Ketika diminta pendapatnya soal penyampaian materi pelatihan ini, Anik Marciana menyatakan bahwa jelas atau tidaknya tentang materi tergantung penangkapan masing-masing peserta. “Mungkin prakteknya bisa diikuti, kalau untuk obat-obatannya orang awam tidak begitu paham,” jelasnya. Dirinya juga mengaku senang karena dapat mengikuti pelatihan ini dan memiliki keinginan agar nantinya bisa berkebun anggrek sendiri. Selain itu Anik juga berharap, supaya pelatihan seperti ini bisa berlanjut sehingga bisa mengetahui perkembangan dan hasilnya.
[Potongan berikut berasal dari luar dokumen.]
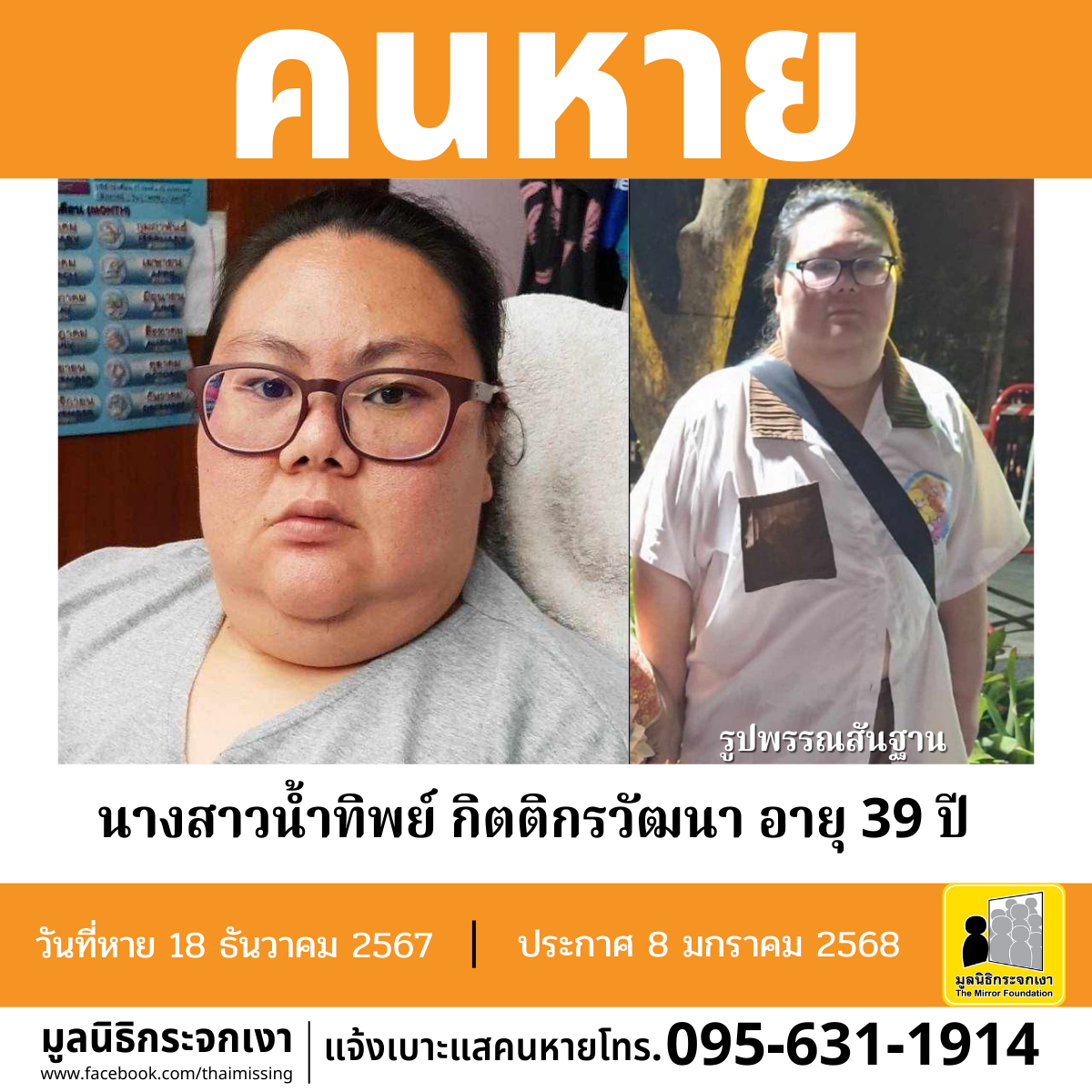 ผู้ใดพบเห็นโปรดแจ้งมูลนิธิกระจกเงา โทร. 095 631 1914
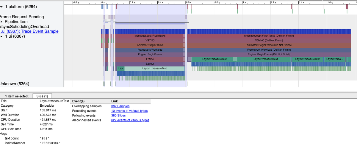 We found that it cost a very long time to measure a Chinese paragraph for Text Widget. As the picture shown, the Layout::measureText function takes more than 400ms.

Dalam kegiatan ini, Lie Kumala selaku pelatih awalnya memberikan sekilas materi tentang tanaman anggrek kepada peserta, setelah itu para peserta diajak berpraktek mengeluarkan bibit-bibit anggrek dari dalam botol dengan cara memecah botol tersebut menggunakan palu di dalam ember. Pada pelatihan ini disediakan sejumlah botol yang berisi bibit anggrek sehingga cukup bagi peserta untuk melakukan praktek. 

Judul Foto :Sabut Kelapa Jadi Media Anggrek
Fotografer : Dian Pramudita/Griya Jati Rasa
IBU-IBU Kampung Karanggayam, sedang memberi media yaitu sabut kelapa pada bibit anggrek yang sudah dikeluarkan dari botol, selanjutnya bibit-bibit anggrek berserta sabut kelapa tersebut dimasukkan ke dalam pot-pot berukuran kecil. Kegiatan ini berlangsung pada pelatihan anggrek di Pondok Tali Rasa, Minggu (24/5) lalu.
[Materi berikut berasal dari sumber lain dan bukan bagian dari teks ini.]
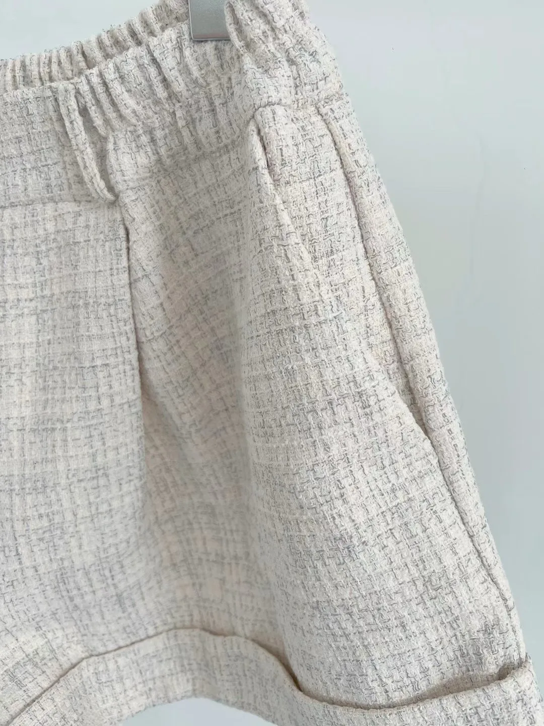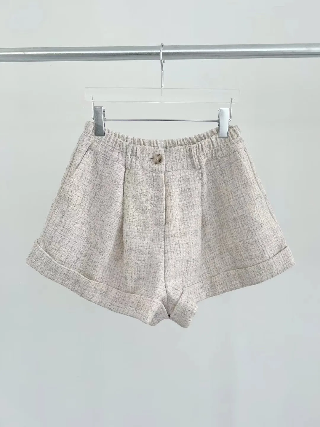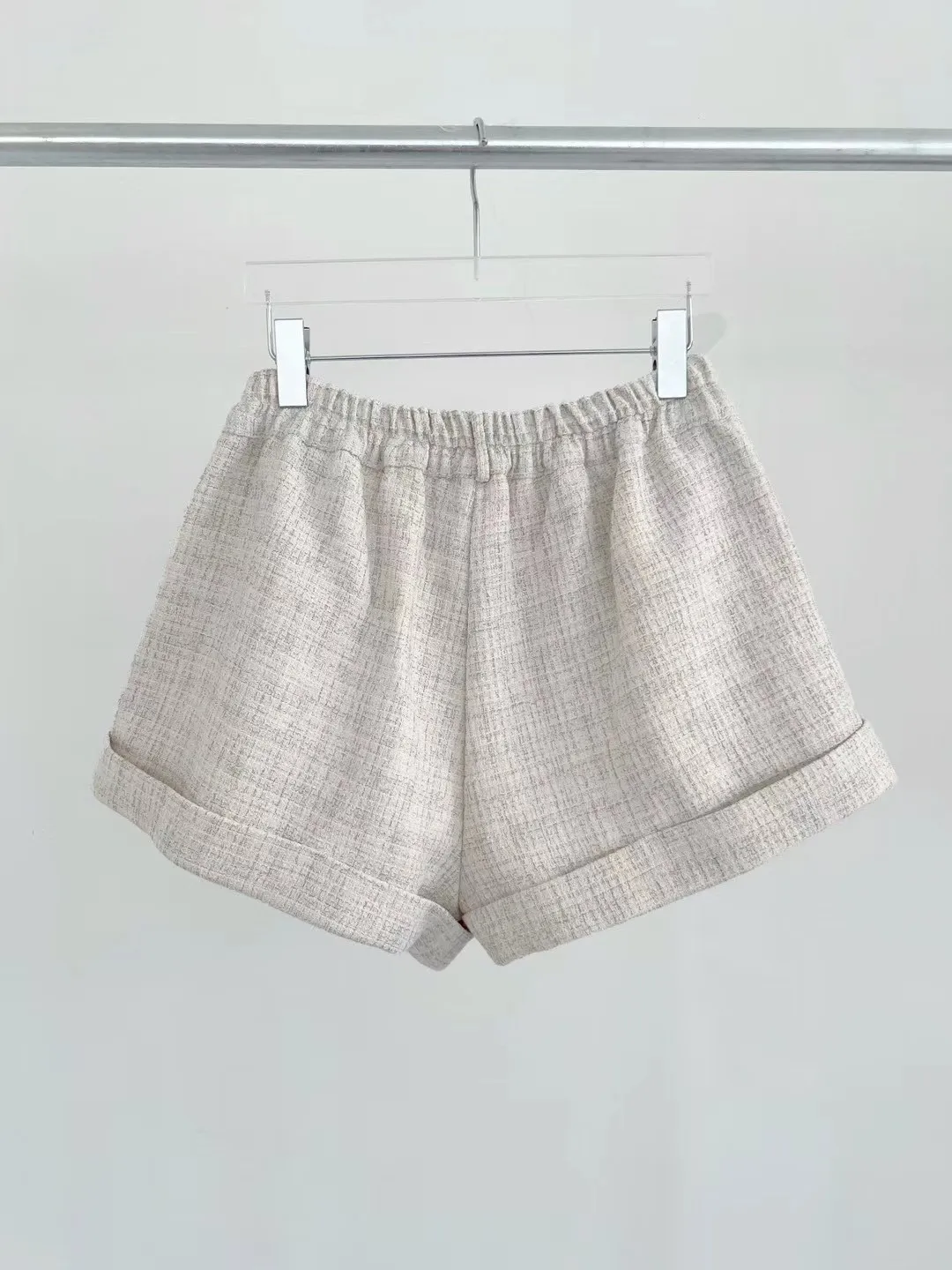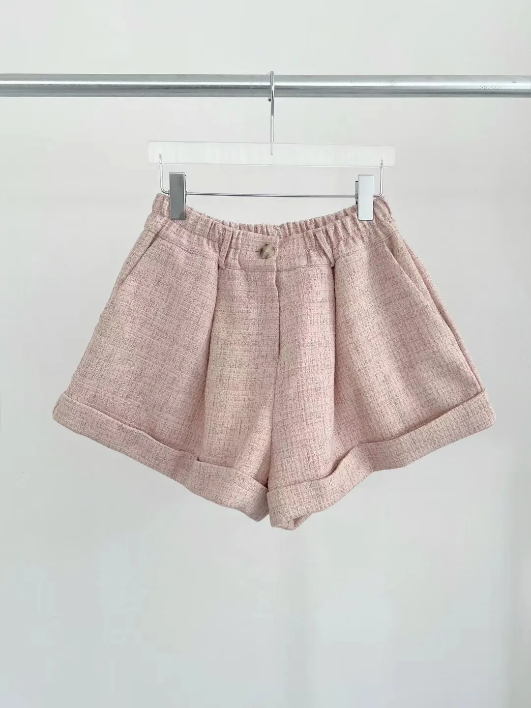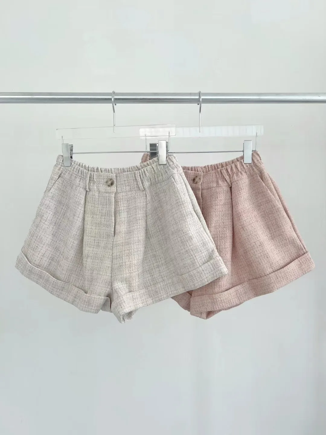 FA126高級織線小香風反摺短褲 米 粉 官網價$1190 線上價$1160

 Setelah dikeluarkan dari botol, bibi-bibit anggrek tersebut direndam selama 5 menit di dalam air yang sudah dicampur dengan fungisida. Kemudian itu bibit dibersihkan, diberi media yaitu sabut kelapa. Lie Kumala menyatakankan bila dirinya lebih suka memilih sabut kelapa sebagai media tanam anggrek dibanding pakis. Lie Kumala mengaku tidak mau menggunakan media yang bisa menyebabkan kerusakan lingkungan karena diambil terus menerus sehingga berdampak pada ekosistem alam seperti pakis, yang selama ini umumnya masih digunakan sebagai media anggrek.
“Makanya saya menggunakan sabut kelapa yang biasanya hanya menjadi limbah, ternyata sabut kelapa baik digunakan untuk media anggrek terutama jenis Dendro, tapi harus diingat sabut kelapa hanya baik digunakan di tempat kering seperti Jogja, kalau di tempat yang lembab, tidak bagus, seperti Bogor,” jelas Lie Kumala yang sudah menekuni usaha anggrek sejak tahun 1995. 
Sebelum digunakan sebagai media tanam anggrek, sabut kelapa tersebut sudah direndam ke dalam air untuk menghilangkan zat-zat yang dapat merugikan. Lie Kumala menjelaskan, “Sabut kelapa direndam 2 hari untuk menghilangkan zat tanin karena beracun,” tuturnya. Disebut beracun karena zat tanin diketahui sebagai zat yang bisa menghambat pertumbuhan tanaman.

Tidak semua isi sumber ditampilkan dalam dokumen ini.